Hypertensive disorders in pregnancy (HDP) are leading causes of pregnancy-related morbidity and mortality. International guidelines have recommended the use of intravenous hydralazine or Labetalol in the control of severe HDP. Oral Nifedipine or Labetalol have not been permitted as first-line in managing severe HDP even in low-resource settings where skill for intravenous access is not readily available. This study aimed to determine and compare the efficacy of oral Labetalol versus Nifedipine retard in achieving adequate blood pressure (BP) control among pregnant women with severe Hypertension at Obafemi Awolowo University Teaching Hospitals Complex, Ile-Ife.
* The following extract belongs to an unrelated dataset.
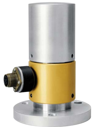
SGMC Includes cap and base.

See back page & Dillon Load Cells specifications sheet for more dimensions and detail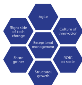
Figure 1 BUILDING BLOCKS OF A WINNING BUSINESS

A natural question following a period of strong performance is how we position the Fund from here? The winning businesses framework we introduced last year (Figure 1) remains a useful lens. In a dynamic and fast-changing world, we think owning winning businesses – when priced attractively – stacks the odds of outperforming over the long-term in your favour.

This was a single-center, open-labeled, randomized controlled trial where 176 eligible pregnant women with severe BP, 30 minutes after Magnesium Sulfate administration, were randomized into Nifedipine and labetalol groups. Each group received either oral Labetalol or Nifedipine retard; 200mg and 20mg, respectively. The second and third doses were subsequently administered after an hour of the initial dose if adequate BP control was not achieved. The mean BP control, doses used, time of achieving blood pressure control, adverse outcomes, and the Effect of co-administration of both oral antihypertensives one hour after the third dose were assessed and compared accordingly. Data was analyzed using SPSS version 26. The efficacy of oral Labetalol versus Nifedipine in controlling BP among the participants was tested using a student’s t-test and chi-square. P-value < 0.05 was taken to be statistically significant.
There was a statistically significant BP control with co-administration of both anti-hypertensive after single agent doses, 70 (86.4%) vs. 65 (80.2%) for the labetalol and Nifedipine groups, respectively (p= 0.003). Participants in the labetalol group used fewer doses cumulatively, with statistical differences at P values of 0.015 and 0.0001 at the first and second doses, respectively. Participants in the labetalol group achieved BP control within a shorter period with minimal adverse outcomes.
Both oral antihypertensives were effective in controlling severe HDP. Oral Labetalol controlled severe Hypertension better with fewer doses, shorter duration, and fewer adverse outcomes; thus, it should be preferred.
Competing Interest StatementThe authors have declared no competing interest.
Clinical TrialPACTR202406618856160.
Funding StatementThe author(s) received no specific funding for this work.
Author DeclarationsI confirm all relevant ethical guidelines have been followed, and any necessary IRB and/or ethics committee approvals have been obtained.
Yes
The details of the IRB/oversight body that provided approval or exemption for the research described are given below:
The full ethical approval for the study was given by the Ethics and Research Committee (ERC) of the Obafemi Awolowo University Teaching Hospitals Complex, Ile-Ife, Osun State, Nigeria. Ethics committee approval was obtained from the hospital with ethical approval number INTERNATIONAL: IRB/IEC/0004553, NATIONAL: NHREC/17/03/2021.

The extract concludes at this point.